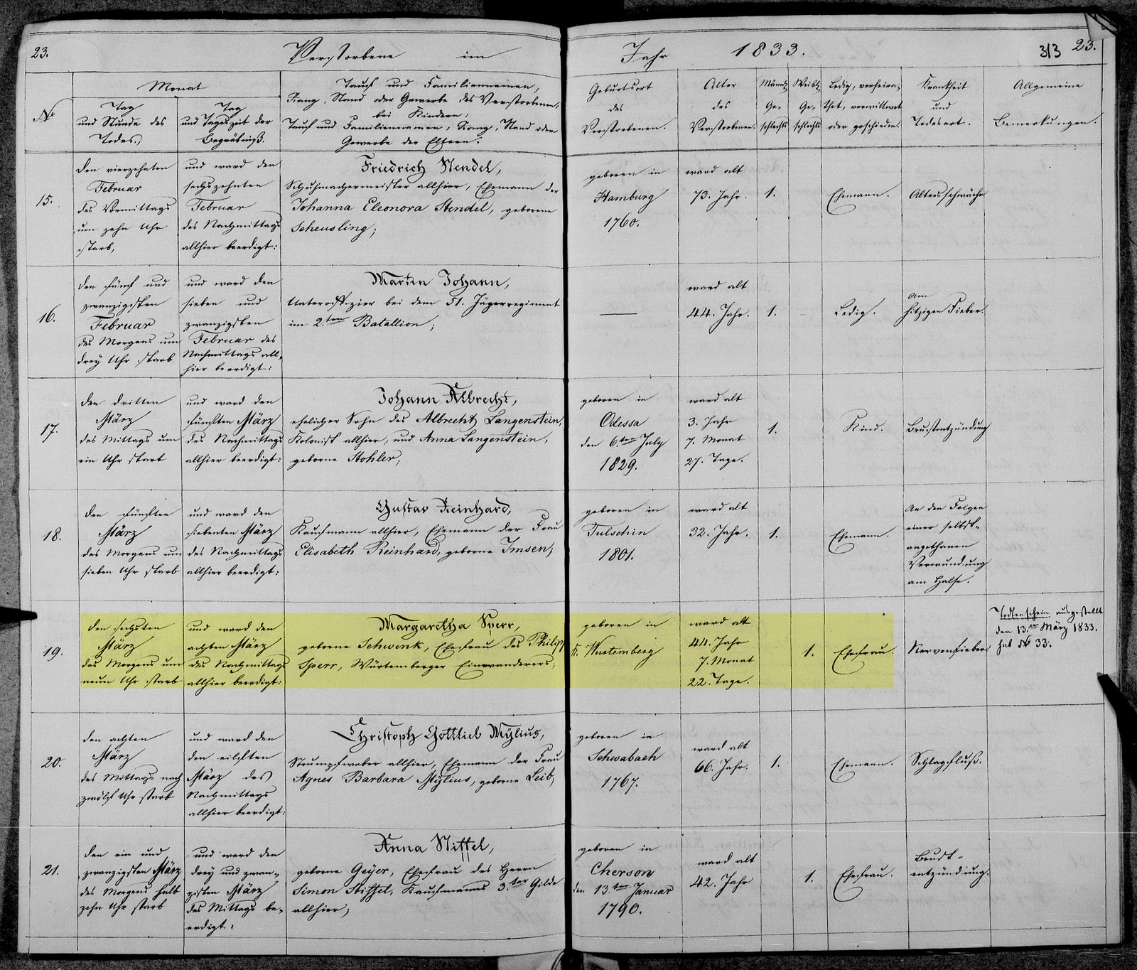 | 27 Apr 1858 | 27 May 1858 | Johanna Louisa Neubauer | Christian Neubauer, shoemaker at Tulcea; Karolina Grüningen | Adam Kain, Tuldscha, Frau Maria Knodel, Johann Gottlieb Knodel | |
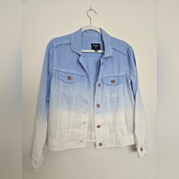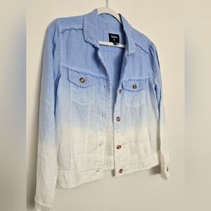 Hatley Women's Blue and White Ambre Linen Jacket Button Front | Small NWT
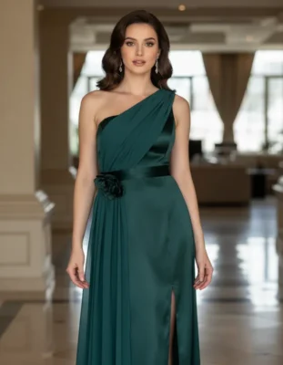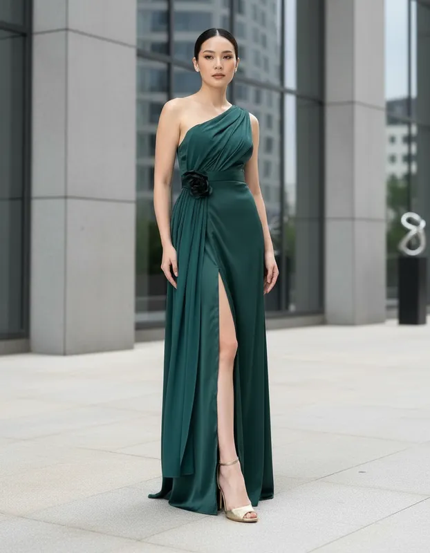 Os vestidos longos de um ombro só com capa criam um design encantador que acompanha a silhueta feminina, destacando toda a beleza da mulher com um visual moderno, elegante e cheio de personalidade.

──────

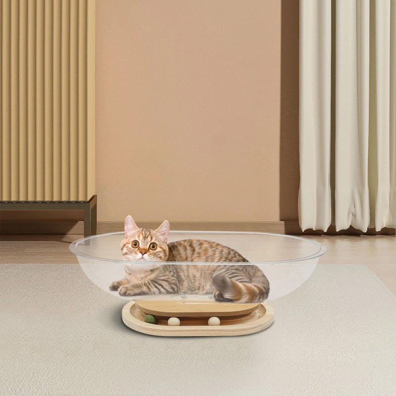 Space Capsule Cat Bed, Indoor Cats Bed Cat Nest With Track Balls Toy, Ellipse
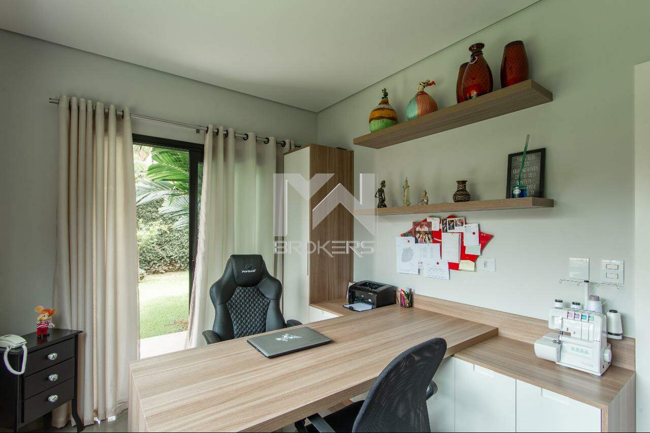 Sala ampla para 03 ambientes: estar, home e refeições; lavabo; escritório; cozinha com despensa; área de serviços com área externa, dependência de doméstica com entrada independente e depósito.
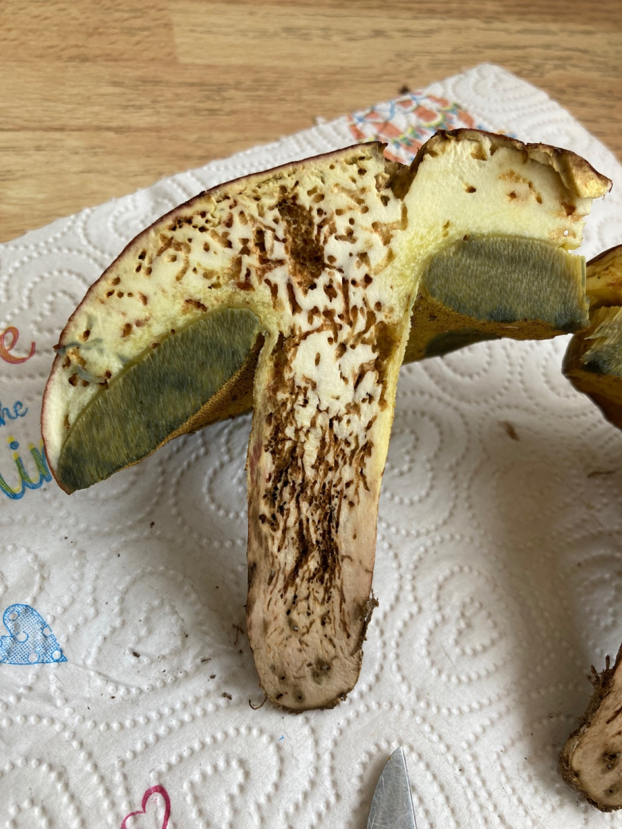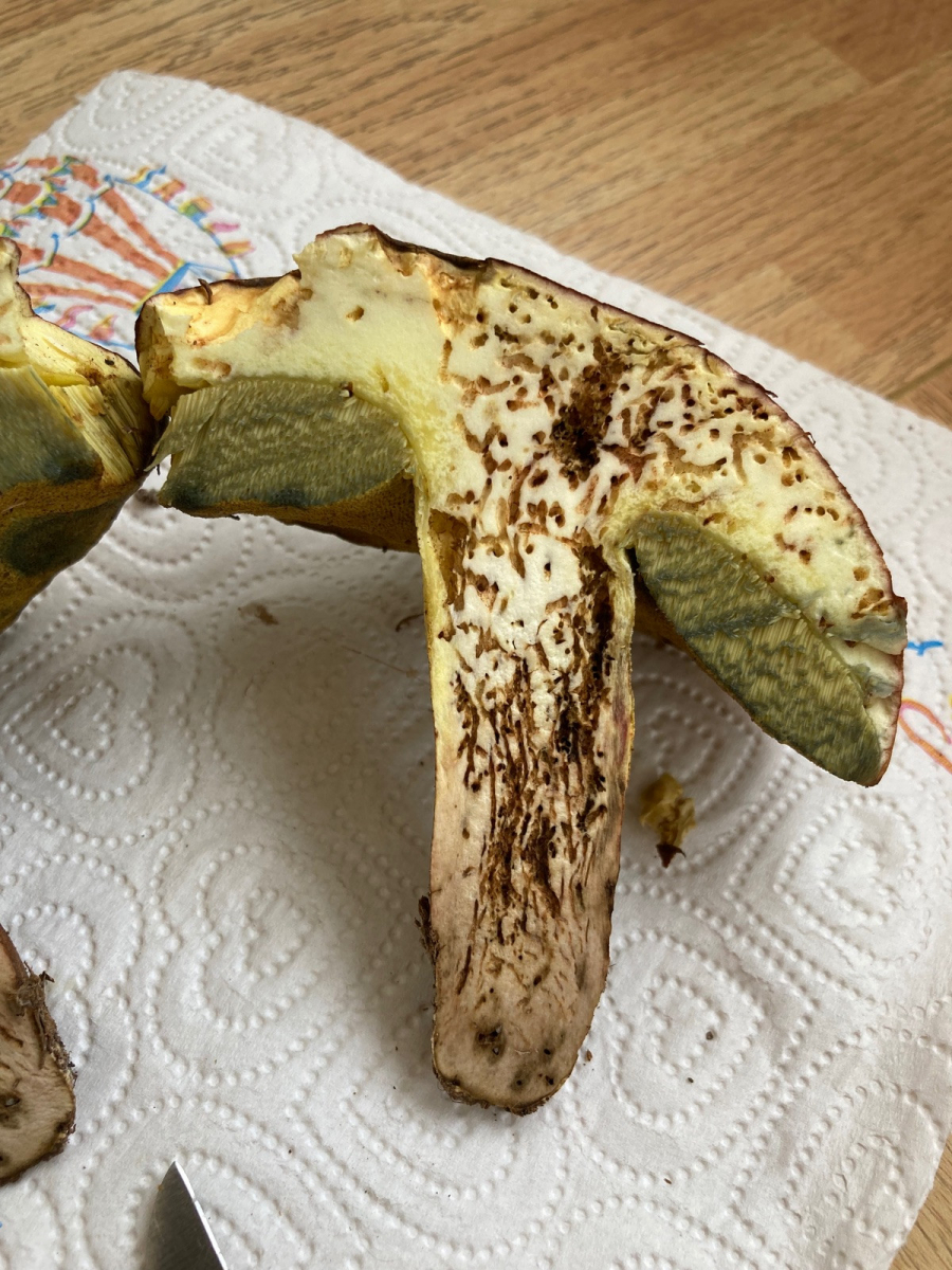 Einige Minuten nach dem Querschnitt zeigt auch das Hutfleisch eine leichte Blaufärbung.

──────

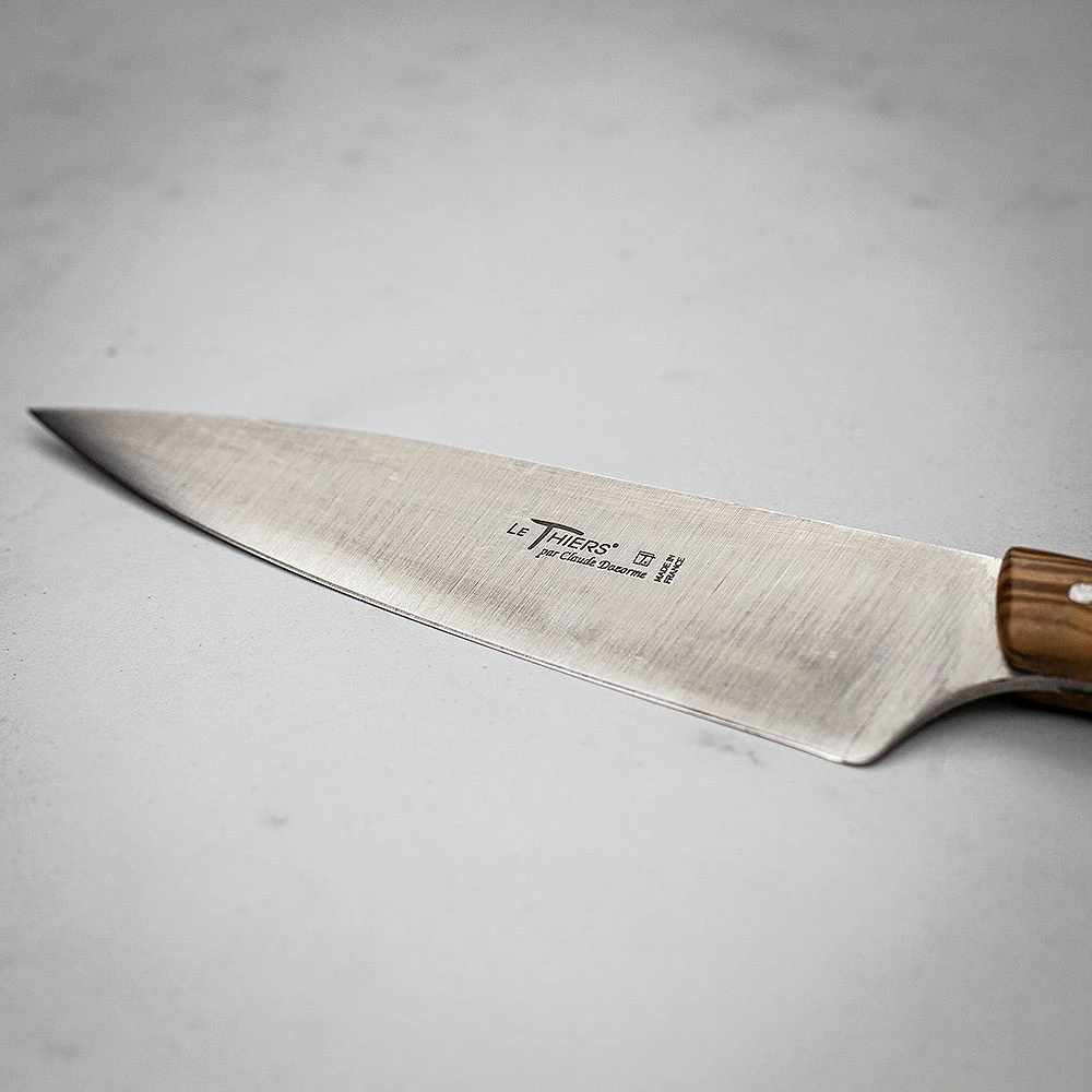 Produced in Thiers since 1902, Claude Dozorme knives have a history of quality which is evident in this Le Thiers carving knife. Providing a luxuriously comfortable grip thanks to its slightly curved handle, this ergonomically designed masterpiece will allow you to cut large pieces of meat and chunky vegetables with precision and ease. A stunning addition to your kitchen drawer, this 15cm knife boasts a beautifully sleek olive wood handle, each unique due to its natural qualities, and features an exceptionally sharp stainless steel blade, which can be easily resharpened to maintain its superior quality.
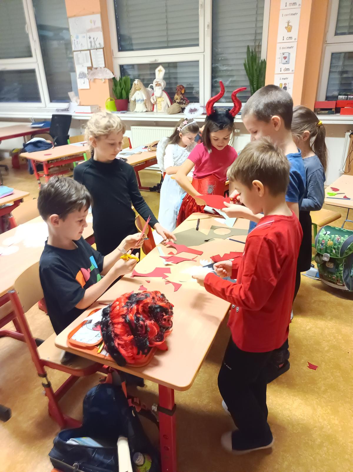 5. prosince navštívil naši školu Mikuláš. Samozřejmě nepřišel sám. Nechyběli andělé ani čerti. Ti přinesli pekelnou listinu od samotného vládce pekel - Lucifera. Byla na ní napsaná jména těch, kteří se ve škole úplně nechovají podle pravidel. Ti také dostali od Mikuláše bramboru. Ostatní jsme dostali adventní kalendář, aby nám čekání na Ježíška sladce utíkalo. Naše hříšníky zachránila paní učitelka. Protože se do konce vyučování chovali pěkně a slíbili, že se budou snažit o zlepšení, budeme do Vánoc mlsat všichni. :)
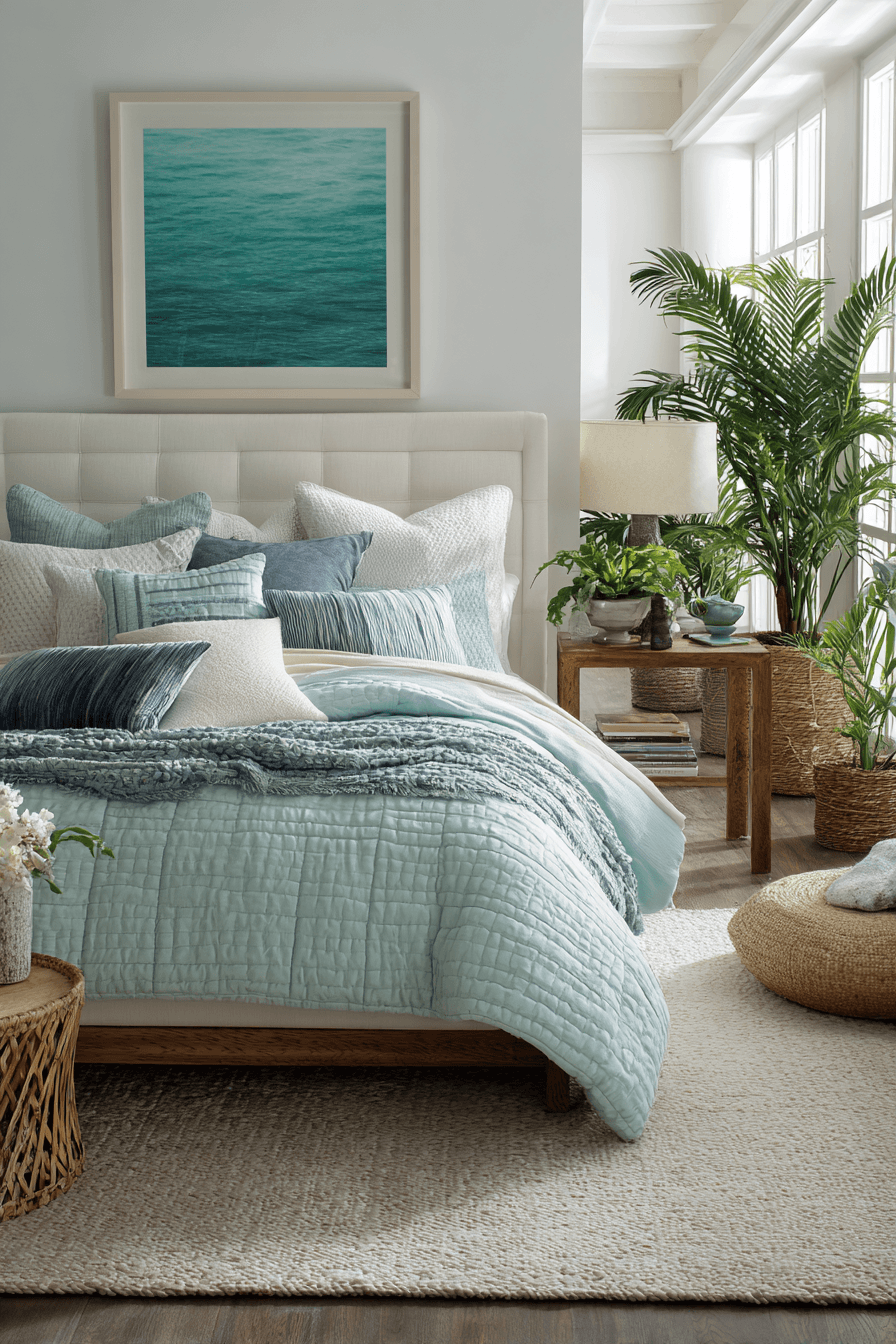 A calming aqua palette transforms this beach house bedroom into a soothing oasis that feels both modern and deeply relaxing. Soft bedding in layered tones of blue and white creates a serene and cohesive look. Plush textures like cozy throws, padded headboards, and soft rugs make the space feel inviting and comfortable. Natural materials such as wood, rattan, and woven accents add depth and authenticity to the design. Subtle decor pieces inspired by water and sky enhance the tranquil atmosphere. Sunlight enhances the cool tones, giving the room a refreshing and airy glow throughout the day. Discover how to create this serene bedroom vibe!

──────

What do the entries above read from the line containing "Gottlieb Knodel | |" through the line containing "Hatley Women's Blue"? Output those lines exactly, both ends included, with the pictures left out.

§ **FINISHED TASK**:
 | 27 Apr 1858 | 27 May 1858 | Johanna Louisa Neubauer | Christian Neubauer, shoemaker at Tulcea; Karolina Grüningen | Adam Kain, Tuldscha, Frau Maria Knodel, Johann Gottlieb Knodel | |
 Hatley Women's Blue and White Ambre Linen Jacket Button Front | Small NWT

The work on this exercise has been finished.